Le temps avait passé, cela faisait environ trois ans que j’étais partie ce mercredi, avec un peu de nourriture, un peu d’argent, un pull et un carnet à dessin. La nourriture et l’argent étaient partis, j’avais perdu le pull et je tenais le carnet à dessin entre mes mains. Je l’avais pris, mon totem, seul survivant de ma croisade, la seule chose que j’ai jamais chérie, jusque là. Je n’ai jamais pu oublier la sensation que procure le crayon sur le papier, cette impression de liberté. Je n’ai pas réfléchi, ce n’était pas nécessaire. J’ai dessiné le Jardin Extraordinaire.

« Innocente Lola, toute petite, debout au bout de la falaise, moitié ici, moitié ailleurs. On est jamais vraiment seul. Quoi qu’il arrive, on est toujours avec soi-même. Lola, le vide peut être bon, et tu le savais. Il m’a fallu tomber de la falaise pour le comprendre. Depuis ta balançoire de bois, tes yeux brillants où se reflète l’univers, lorsque tu te laissais aller dans le vent, tu savais. C’est lorsque l’on a connu le vide que l’on est capable d’apprécier pleinement chaque détail. Je suis remonté Lola, après tant d’effort, après tant de chute, j’ai réussi à escalader la falaise. J’y suis parvenue ainsi, en escaladant lentement, en m’accrochant aux brindilles qui me séparaient de toi. J’ai touché l’herbe, j’ai senti les fleurs et le vent, et j’ai enfin compris ton bonheur. Je te vois au loin, mais tu m’es désormais accessible. Je te hais, mais je t’aime de tout mon cœur. J’arrive Lola, j’arrive ».

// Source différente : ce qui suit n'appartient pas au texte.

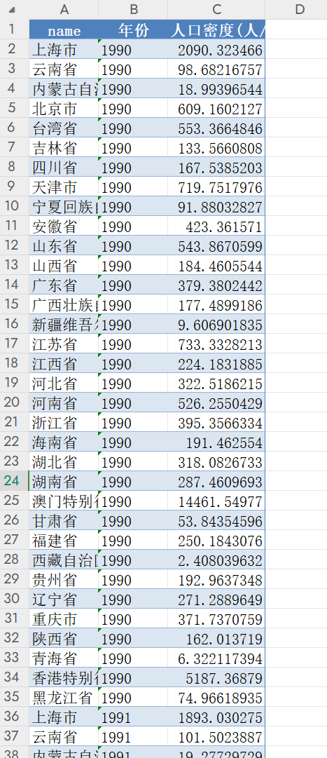 原始数据为长时序的全国人口与人口密度的栅格数据,但考虑到栅格数据使用起来对大家并不方便,将其整理成省市县的面板数据,其中包含各省市县的人口数量与人口密度(人/平方公里)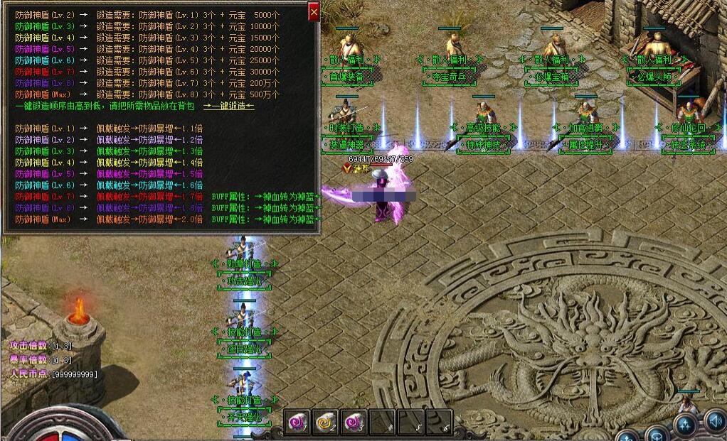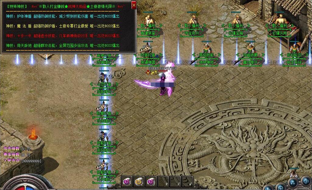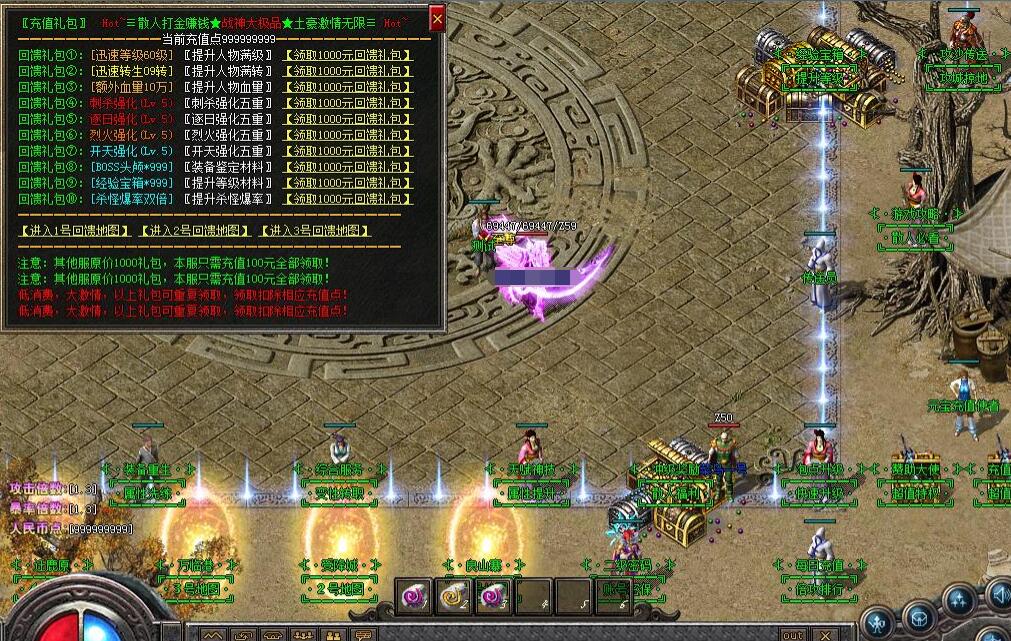 - 本服为战神大极品,融合了霸者、风云、狂风、完美等版本玩法!
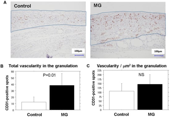 | Granulation area (×103 µm) | 109.9 ± 34.8 | 260.9 ± 64.0 | 0.0005 |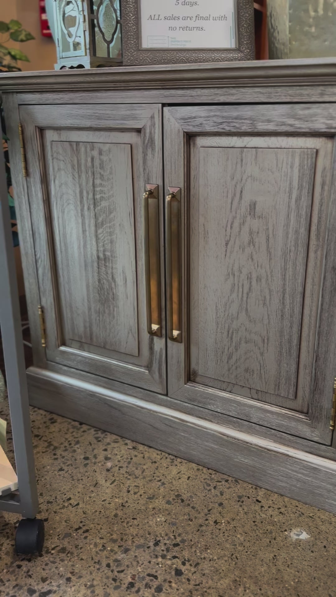 4-door Media Console from Restoration Hardware. Brushed gold handles with inner shelves.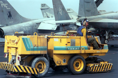 Động cơ phản lực dường như là của một chiếc Mig-15 cũ, sau đó được gắn thêm những chiếc ống hút. Những mảnh vụn lạ (FOD) là vấn đề lớn trên tàu sân bay. Một nút kim loại từ một chiếc áo hay một đai ốc nhỏ hoàn toàn có thể phá hủy một động cơ giá triệu đô, đồng thời gây nguy hiểm tới tính mạng của một thành viên trên tàu.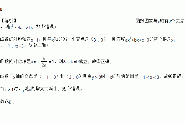 B 【解析】函数图象与x轴有2个交点,则b2﹣4ac>0,故①错误; 函数的对称轴是x=1,则与x轴的另一个交点是(3,0),则方程ax2+bx+c=0的两个根是x1=﹣1,x2=3,故②正确; 函数的对称轴是x=﹣=1,则2a+b=0成立,故③正确; 函数与x轴的交点是(﹣1,0)和(3,0)则当y>0时,x的取值范围是﹣1<x<3,故④正确; 当x>1时,y随x的...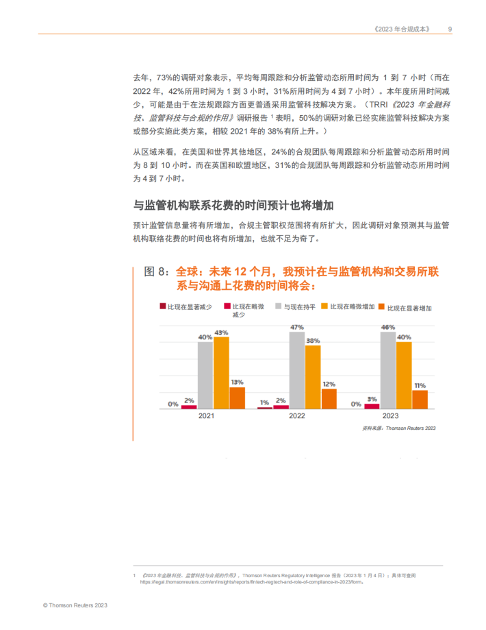 调研对象声称面临管理成本压力、平衡竞争与合规需求方面的挑战,不过45%的调研对象表示并未在整个组织层面监测法规合规成本。

Seule, allongée sur mon lit dans une simple robe de coton, je pense. Je rie, je crois. Oui, je suis heureuse. Je regarde les ombres mouvantes jouer au plafond, et je me souviens. De tout. Sans le vouloir, j’ai gravé chaque instant dans ma chair. Il m’aura fallu du temps, mais j’ai fini par comprendre la vie. Elle n’est rien d’autre que ce que l’on décide d’en faire, après tout. Je sourie encore, et j’imagine ce petit bout qu’est Lola danser et applaudir parce que je suis enfin là, un peu sale, un peu égratignée, mais là quand même. Les étoiles brillent et illuminent les murs, à travers la fenêtre ouverte. Il fait chaud ce soir. Je me suis levée et soudain, je l’ai vue. Le fantôme d’un passé depuis trop longtemps oublié. Elle était là, si simple dans sa petite robe blanche avec ses boucles de jais cascadant sur ses épaules, et ses yeux brillants. Je voyais son visage qui me souriait, de ce sourire si parfait que je n’ai jamais pu oublier, à travers le verre poli illuminé par les étoiles. J’ai regardé Lola, et c’était moi.